I really didn’t know where I was, not having a map, but some salesman in a Ford took me to Oxford, which I guessed was in the right direction. Strange thing was, we passed loads of places that me Mam and Dad had taken me when I was young and could remember the names of, like Moreton in the Marsh and Stow on the Wold. I’d see these sign posts and remember sitting as a passenger in me Dad’s car and him reading out the names. I remember the quaint old villages we’d pass through made of that wonderful golden brown stone.
At Oxford I got dropped off on the by-pass, which I recognised, so that was cool. There was a service station there, so I had a bite to eat, seeing as it was getting on for two and I was pretty hungry. This long-haired student came up and started talking to me as I was sat drinking my tea and started telling about how he was trying to hitch down to Cornwall, because he’d had enough of studying. I believed him, but for all I knew, he could have finished for the year. We walked back out to the road together. He had this long Oxford type scarf. Like what we called a college scarf at the football, but instead of it being red and white, it was mainly black, but with maybe a yellow stripe and a green one. And it was longer than my football scarves. It was wrapped two or three times round his neck and still managed to cover his knees. And another thing, he was carrying a beat-up old paperback book about being on the road stuffed into his jacket pocket that he kept referring to as if it was a hitch hiker’s guide to the south of England. I hadn’t really decided whether to try to thumb with him or avoid him, but a van stopped and offered both of us a ride to Marlborough which meant nothing to me, but Rich, this Oxford type, told me I should take it. Funny thing was, that Rich had the driver go around all these back roads up on top of this hill, and even had us stop and get out because he wanted to show me this white horse that some guys had cut into the hillside. You couldn’t really make it out, only lines here and there, but Rich told me it was Important. And Old.
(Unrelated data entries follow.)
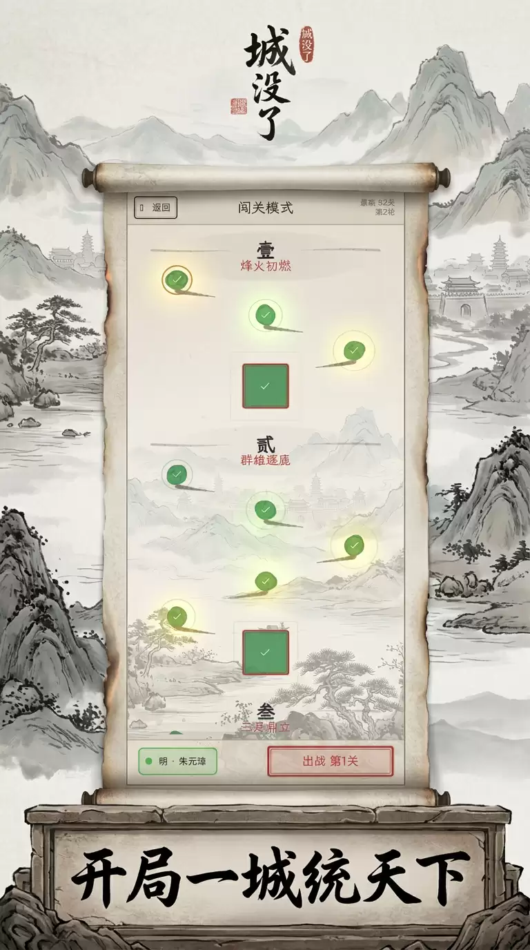 《城没了》是一款颇具特色的水墨风格Roguelike策略游戏。它的核心体验可以概括为“开局一座城,小兵无限造”。玩家需要招兵买马,攻城拔寨,依靠智谋与策略来征服列国,最终达成统一天下的霸业。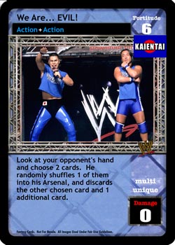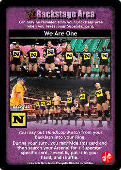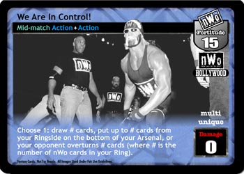 Choose 1: draw # cards, put up to # cards from your Ringside on the bottom of your Arsenal, or your opponent overturns # cards (where # is the number of nWo cards in your Ring).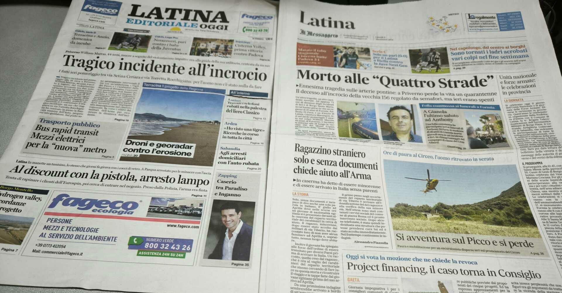 LATINA – Qui trovate Prima Pagina, in un file audio di pochi minuti, i titoli di Latina Editoriale Oggi e del Messaggero Latina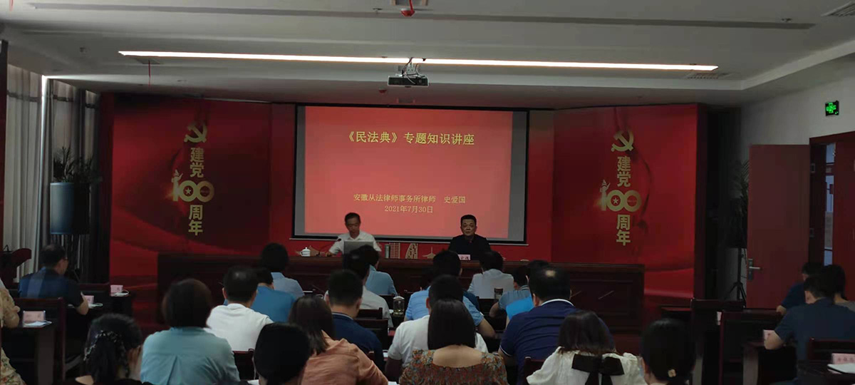 講座邀請集團(tuán)公司法律顧問、安徽從法律師事務(wù)所律師史愛國來公司為全體干部員工進(jìn)行民法典宣講。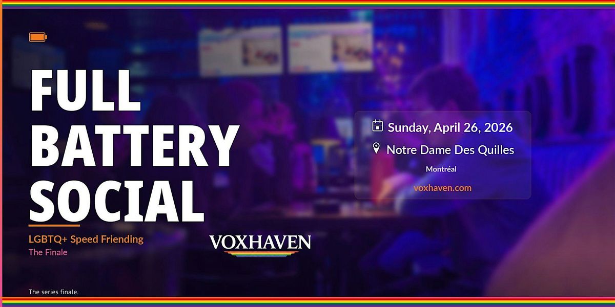 Full Battery Social est une soirée LGBTQ+ de speed-friending 100 % amitié, conçue pour rendre les connexions plus faciles. La soirée est calme, structurée et sans pression, avec des rondes de conversation guidées pour t’aider à rencontrer de nouvelles personnes sans vider ta batterie sociale.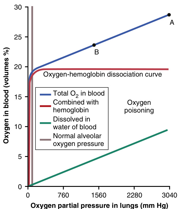 极高\scriptstyleP o2对血液氧运输的影响。当血液中的Po2上升到100mmHg以上时,溶解在血液水中的O2量显著增加。这种效应如图45-2所示,该图描绘了与第41章中相同的O2-血红蛋白解离曲线,但肺泡Po2扩展到超过3000~mm~Hg。图中最低的曲线还描绘了在每个Po2水平下溶解在血液液体中的O2体积。请注意,在肺泡Po2的正常范围内(<120mmHg),血液中的总O2几乎没有由溶解的O2贡献,但随着O2压力上升到数千mmHg,除了与血红蛋白结合的部分外,总O2的很大一部分溶解在血液的水中。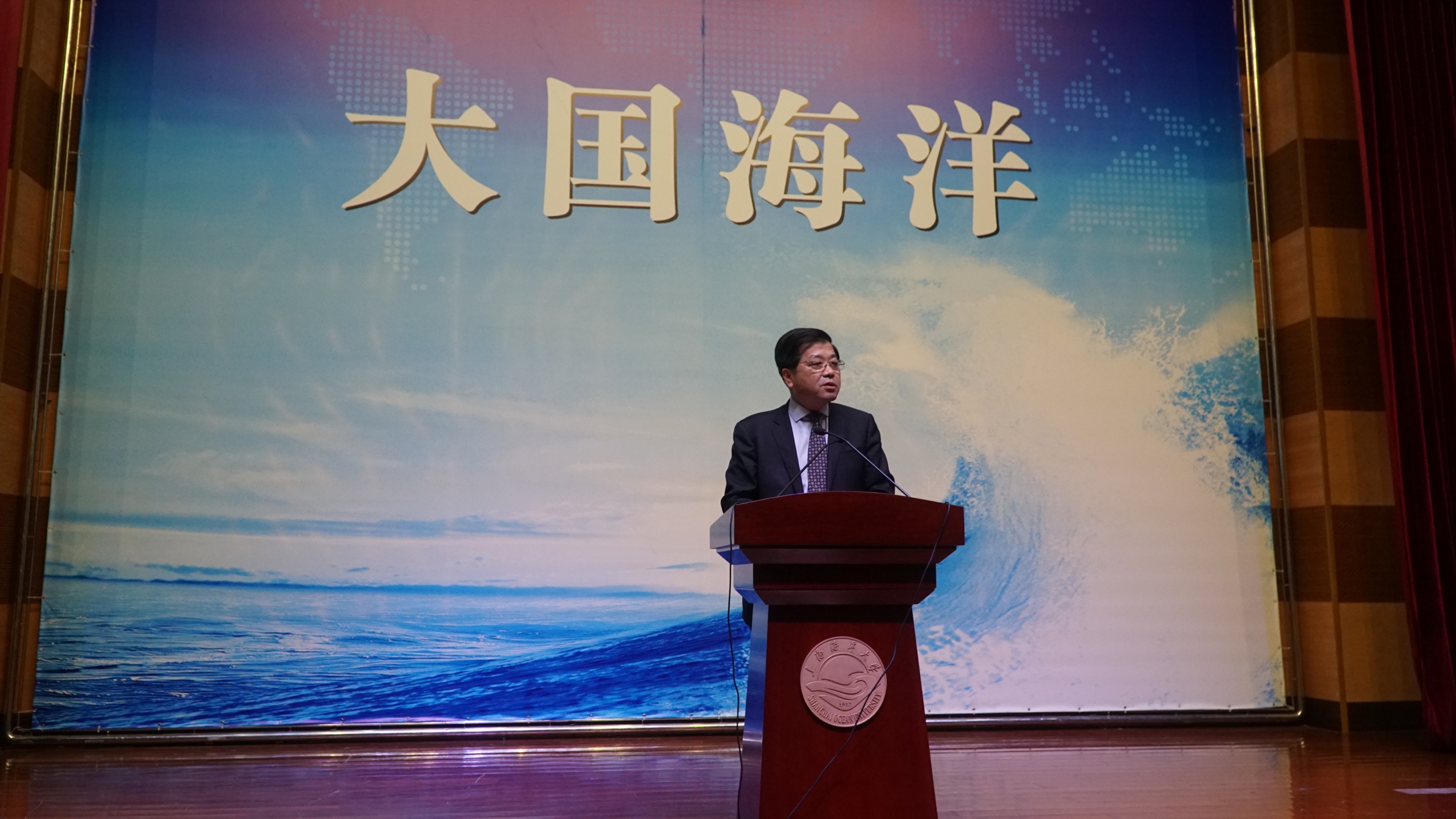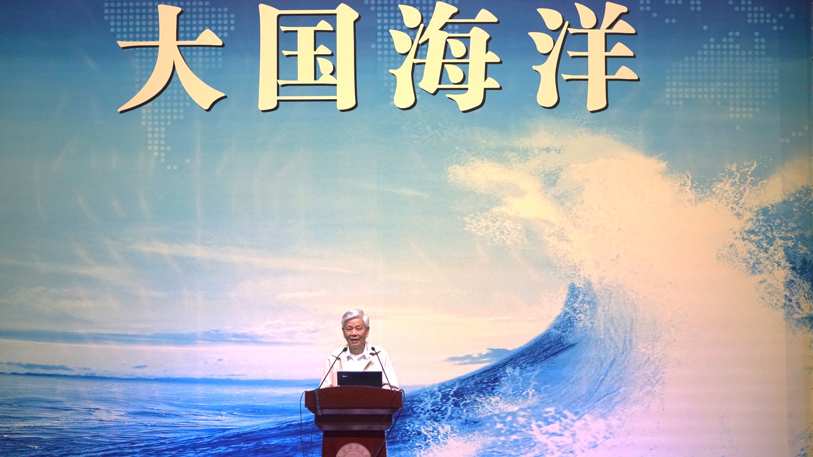 “大国海洋”的第一节课程由原上海水产大学董事长乐美龙教授为同学们进行讲解。乐美龙教授首先引用李克强总理在2017年《政府工作报告》指出的“推进海洋经济示范区建设,加快建设海洋强国,坚决维护国家海洋权益”为开头,向同学们讲述了他参与的国际海洋法的编写和发展的过程,以及50年代至今中国海洋权益的认识和发展。
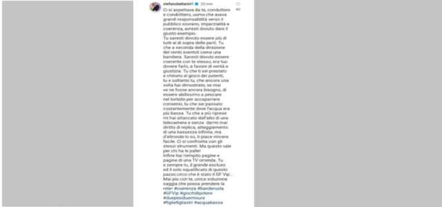 Lo sfogo di Stefano Bettarini contro Signorini continua in modo durissimo. “Tu che a più riprese mi hai attaccato dall’alto di una telecamera e senza mai darmi diritto di replica, atteggiamento di una bassezza infinita, ma d’altronde lo so, ti piace vincere facile. Ci si confronta con gli stessi strumenti. Ma questo vale per chi ha le palle”, dice ancora l’ex calciatore.

We got out at Marlborough, which has this one long main street, and walked up and down it a couple of times just talking. He said he’d decided to try and find somewhere to stay outside of town – like if he just started to walk, he’d bump into a nice farmhouse that would put him up. He sounded so confident that I almost believed him. But then, he had managed to persuade that van driver to mess about looking for that stupid horse. Marlborough was too quiet and it was getting late, on account of our having wasted time coming down from Oxford, so I was getting worried. But Rich walked with me to the main road and saw me get a ride within two minutes of sticking my thumb out. Then he set off to the west, looking, he said, for old stones, while I got a ride down to Winchester, and then, just before it got too dark, my last ride, into Southampton where I got dropped off on the Avenue, about five minutes walk from Chamberlain.